= DIRECTIONS FOR THIS TASK =
Each record needs to be transcribed exactly.

= DATA SHOWN =
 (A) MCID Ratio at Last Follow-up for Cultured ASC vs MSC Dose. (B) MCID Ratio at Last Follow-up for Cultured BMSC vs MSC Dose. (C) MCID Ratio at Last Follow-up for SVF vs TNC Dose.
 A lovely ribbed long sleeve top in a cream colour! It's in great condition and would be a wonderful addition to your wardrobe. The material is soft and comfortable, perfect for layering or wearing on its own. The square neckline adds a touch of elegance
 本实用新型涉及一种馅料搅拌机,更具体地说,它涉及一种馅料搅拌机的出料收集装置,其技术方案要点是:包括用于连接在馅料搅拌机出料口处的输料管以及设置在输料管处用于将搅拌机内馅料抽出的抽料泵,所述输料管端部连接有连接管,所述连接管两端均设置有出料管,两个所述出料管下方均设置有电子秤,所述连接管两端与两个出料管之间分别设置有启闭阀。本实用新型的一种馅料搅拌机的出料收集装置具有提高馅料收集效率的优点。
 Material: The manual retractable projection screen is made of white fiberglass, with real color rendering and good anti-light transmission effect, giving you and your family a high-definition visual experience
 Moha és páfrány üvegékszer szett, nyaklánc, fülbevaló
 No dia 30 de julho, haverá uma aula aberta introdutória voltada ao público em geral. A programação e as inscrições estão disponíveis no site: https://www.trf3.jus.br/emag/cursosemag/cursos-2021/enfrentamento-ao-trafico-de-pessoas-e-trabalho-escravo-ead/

= THE COMPLETED TASK =
 (A) MCID Ratio at Last Follow-up for Cultured ASC vs MSC Dose. (B) MCID Ratio at Last Follow-up for Cultured BMSC vs MSC Dose. (C) MCID Ratio at Last Follow-up for SVF vs TNC Dose.
 A lovely ribbed long sleeve top in a cream colour! It's in great condition and would be a wonderful addition to your wardrobe. The material is soft and comfortable, perfect for layering or wearing on its own. The square neckline adds a touch of elegance
 本实用新型涉及一种馅料搅拌机,更具体地说,它涉及一种馅料搅拌机的出料收集装置,其技术方案要点是:包括用于连接在馅料搅拌机出料口处的输料管以及设置在输料管处用于将搅拌机内馅料抽出的抽料泵,所述输料管端部连接有连接管,所述连接管两端均设置有出料管,两个所述出料管下方均设置有电子秤,所述连接管两端与两个出料管之间分别设置有启闭阀。本实用新型的一种馅料搅拌机的出料收集装置具有提高馅料收集效率的优点。
 Material: The manual retractable projection screen is made of white fiberglass, with real color rendering and good anti-light transmission effect, giving you and your family a high-definition visual experience
 Moha és páfrány üvegékszer szett, nyaklánc, fülbevaló
 No dia 30 de julho, haverá uma aula aberta introdutória voltada ao público em geral. A programação e as inscrições estão disponíveis no site: https://www.trf3.jus.br/emag/cursosemag/cursos-2021/enfrentamento-ao-trafico-de-pessoas-e-trabalho-escravo-ead/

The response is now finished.